* **Task to complete**
Work out how many lines of the material below contain the word "Scarlet", then write that number alone.
== Segment start ==
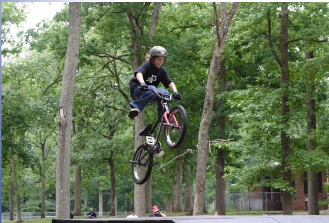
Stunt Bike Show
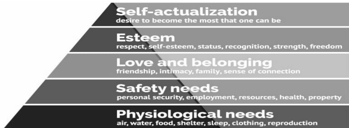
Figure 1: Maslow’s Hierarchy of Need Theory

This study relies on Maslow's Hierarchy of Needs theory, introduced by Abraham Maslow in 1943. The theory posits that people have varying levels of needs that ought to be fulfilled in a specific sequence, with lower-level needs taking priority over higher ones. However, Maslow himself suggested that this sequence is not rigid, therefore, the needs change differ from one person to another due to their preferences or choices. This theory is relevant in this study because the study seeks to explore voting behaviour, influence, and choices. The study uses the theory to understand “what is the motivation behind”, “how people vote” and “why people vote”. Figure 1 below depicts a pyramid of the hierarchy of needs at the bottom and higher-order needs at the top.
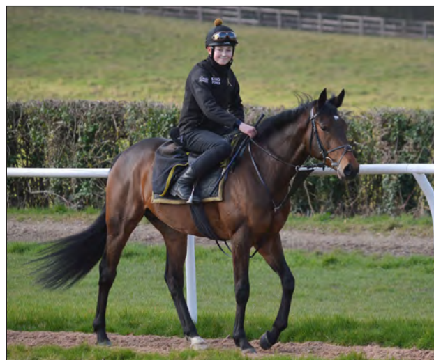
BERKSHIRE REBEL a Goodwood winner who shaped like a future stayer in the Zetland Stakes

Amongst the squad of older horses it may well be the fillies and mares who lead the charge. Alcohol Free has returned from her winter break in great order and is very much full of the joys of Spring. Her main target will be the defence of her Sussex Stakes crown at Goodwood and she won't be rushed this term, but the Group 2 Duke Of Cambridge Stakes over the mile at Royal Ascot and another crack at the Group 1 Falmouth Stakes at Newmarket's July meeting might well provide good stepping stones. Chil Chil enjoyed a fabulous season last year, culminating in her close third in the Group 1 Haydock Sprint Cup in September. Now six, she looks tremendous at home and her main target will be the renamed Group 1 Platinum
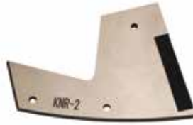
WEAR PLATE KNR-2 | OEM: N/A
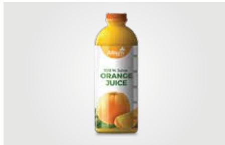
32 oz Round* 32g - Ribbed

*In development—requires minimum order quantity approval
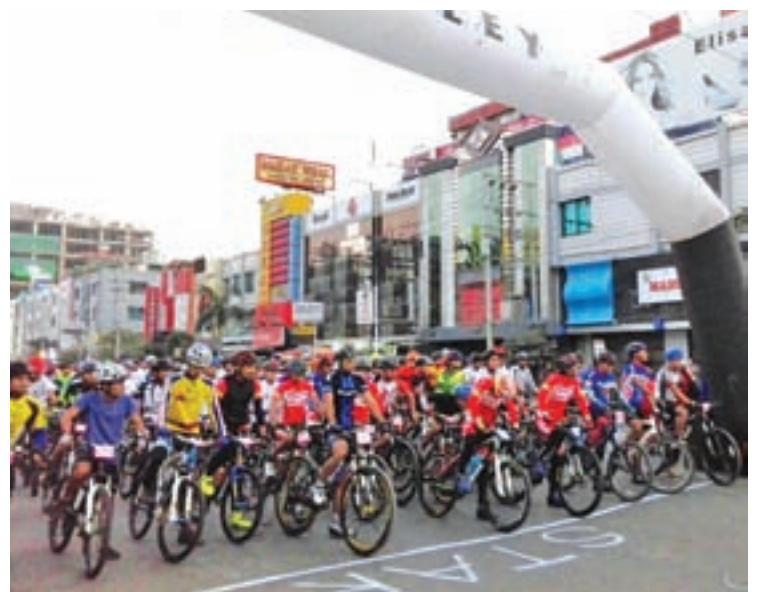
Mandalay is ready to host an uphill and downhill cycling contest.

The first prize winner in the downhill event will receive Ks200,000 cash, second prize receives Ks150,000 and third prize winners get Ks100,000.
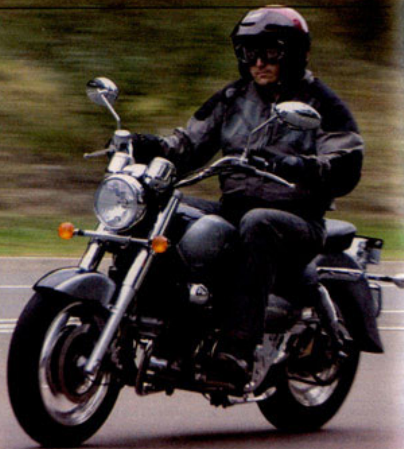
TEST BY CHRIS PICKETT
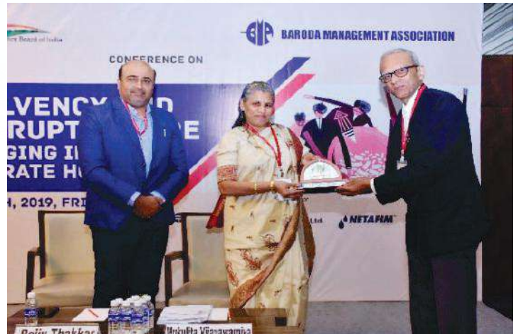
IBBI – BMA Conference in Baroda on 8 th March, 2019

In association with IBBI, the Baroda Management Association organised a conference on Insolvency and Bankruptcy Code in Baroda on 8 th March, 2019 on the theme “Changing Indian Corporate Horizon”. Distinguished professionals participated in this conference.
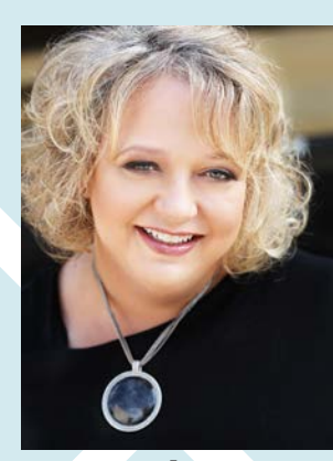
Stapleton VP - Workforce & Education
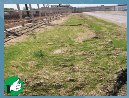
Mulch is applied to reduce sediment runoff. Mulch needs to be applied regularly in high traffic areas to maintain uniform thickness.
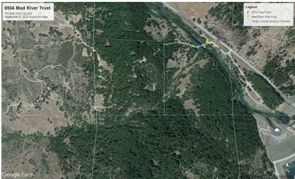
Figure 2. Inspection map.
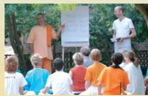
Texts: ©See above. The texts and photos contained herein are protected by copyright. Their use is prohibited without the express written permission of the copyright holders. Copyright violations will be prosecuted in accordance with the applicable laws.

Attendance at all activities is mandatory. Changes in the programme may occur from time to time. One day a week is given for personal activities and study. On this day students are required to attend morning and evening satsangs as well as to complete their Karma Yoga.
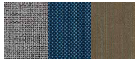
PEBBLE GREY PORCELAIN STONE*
== Segment end ==
== Segment start ==
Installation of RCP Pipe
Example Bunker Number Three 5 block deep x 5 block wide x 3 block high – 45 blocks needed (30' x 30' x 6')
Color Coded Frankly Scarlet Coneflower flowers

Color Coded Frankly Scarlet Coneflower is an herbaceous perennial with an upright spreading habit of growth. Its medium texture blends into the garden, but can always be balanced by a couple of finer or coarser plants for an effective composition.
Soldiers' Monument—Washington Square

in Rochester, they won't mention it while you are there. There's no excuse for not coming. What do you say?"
== Segment end ==
* **Answer space**
2